États-Unis : les autorités face à la mobilisation étudiante08/05/20242024Journal/medias/journalnumero/images/2024/05/une_2910-c.jpg.445x577_q85_box-0%2C7%2C1265%2C1644_crop_detail.jpg

Dans le monde

États-Unis : les autorités face à la mobilisation étudiante

Partie d’universités privées renommées, la mobilisation des étudiants américains s’est rapidement étendue. À l’université Columbia de New York, les autorités ont fait intervenir des centaines de policiers pour évacuer les protestataires, le 19 puis le 30 avril.

Les arrestations ont été massives, près de 2 400 dans tout le pays. Les médias dépeignent, en continu, les protestataires comme violents et antisémites, voire comme des nazis.

Depuis le 7 octobre, une fraction de la jeunesse étudiante s’est éveillée à la politique en découvrant la barbarie des bombardements à Gaza, menés avec des dollars et des bombes made in USA. En réaction à l’évacuation de Columbia, des étudiants de nombreux campus ont installé leur propre campement. Ils ont résisté aux arrestations et aux menaces d’exclusion – une menace sérieuse pour certains étudiants, endettés sur dix ou vingt ans pour payer des droits d’inscription allant jusqu’à l’équivalent de 80 000 euros par an. Des villes démocrates du Nord aux États républicains comme le Texas, ce mouvement est devenu national, pour la première fois depuis des années.

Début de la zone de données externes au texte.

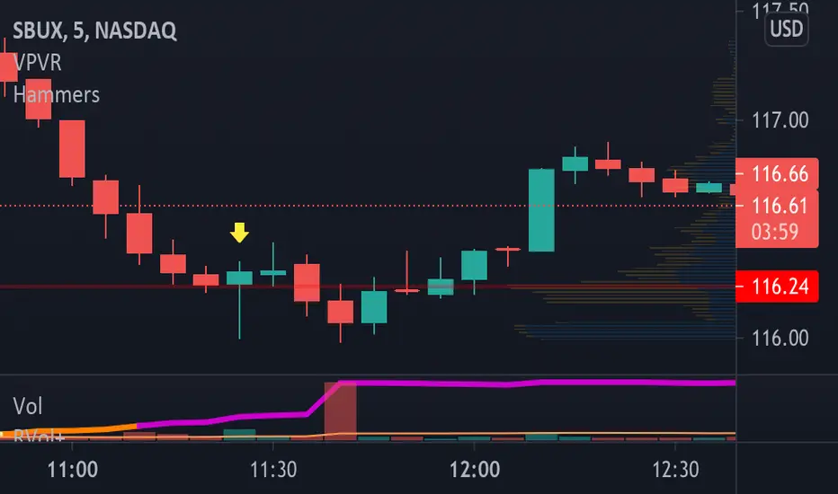 Previously was only marking hammers that had a larger range than the previous candle. Now marking all hammers. If range is less than previous candle, indicator is on bottom of candle. If range is greater than previous candle, indicator is on top of candle.Sürüm Notları
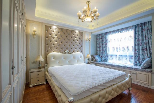 主臥的裝扮也是非常的優雅溫馨,飄窗做成了卡座休閑區,美觀還實用,床頭的背景墻用的是軟包的設計,大氣,旁邊還有一整面的嵌入式的衣柜,超強大的儲物空間

Le nombre des « campeurs » n’est pas massif, mais leur force est d’exprimer un sentiment largement partagé parmi les étudiants. En journée, des centaines d’entre eux et des habitants du quartier viennent s’installer autour, en soutien, et profiter de l’ambiance conviviale. Dans l’univers consensuel des campus américains, si loin de Gaza, les interventions policières violentes ont levé le voile d’hypocrisie et choqué beaucoup d’étudiants.

Les républicains comme les démocrates, y compris Joe Biden, alimentent une campagne calomnieuse. Eux qui fournissent les bombes qui tuent à Gaza, accusent les manifestants de violence antisémite ! C’est une calomnie, les contestataires étant massivement opposés à l’antisémitisme, et cela encourage les agressions dont ils sont victimes. À Los Angeles, un des principaux campements du pays a été attaqué de nuit par des centaines de militants sionistes et d’extrême droite. La police a attendu deux heures pour intervenir, sans arrêter le moindre agresseur.

Il est vrai que les choix politiques des organisateurs des campements, refusant de critiquer le Hamas, repoussent bon nombre d’étudiants sympathisants du mouvement, en particulier des étudiants juifs, qui en majorité rejettent les bombardements, et se retrouvent désemparés. Les revendications principales sont la transparence et le « désinvestissement », c’est-à-dire la rupture des liens économiques entre telle université et Israël ou l’appareil militaire américain. Mais cela revient aussi à reprocher au gouvernement des États-Unis de soutenir la politique d’Israël – ce qui choque à juste titre – sans réaliser qu’Israël n’est que l’instrument d’une guerre au Proche- Orient qui est précisément celle de l’impérialisme américain lui- même.

Les dirigeants américains, eux, le voient bien. Ils savent que la population américaine est largement opposée à la guerre, mais ils veulent la préparer à l’accepter. C’est pourquoi, malgré ses limites, la contestation étudiante leur pose un problème politique. Si le pouvoir choisit la démonstration de force, c’est qu’il se souvient de la guerre du Vietnam, et veut éviter que les campus deviennent un pôle de contestation durable. Mais leur choix montre aussi aux étudiants que le problème est plus profond qu’ils ne le croyaient. La guerre est dans la nature de l’impérialisme, et c’est lui qu’il faut abattre.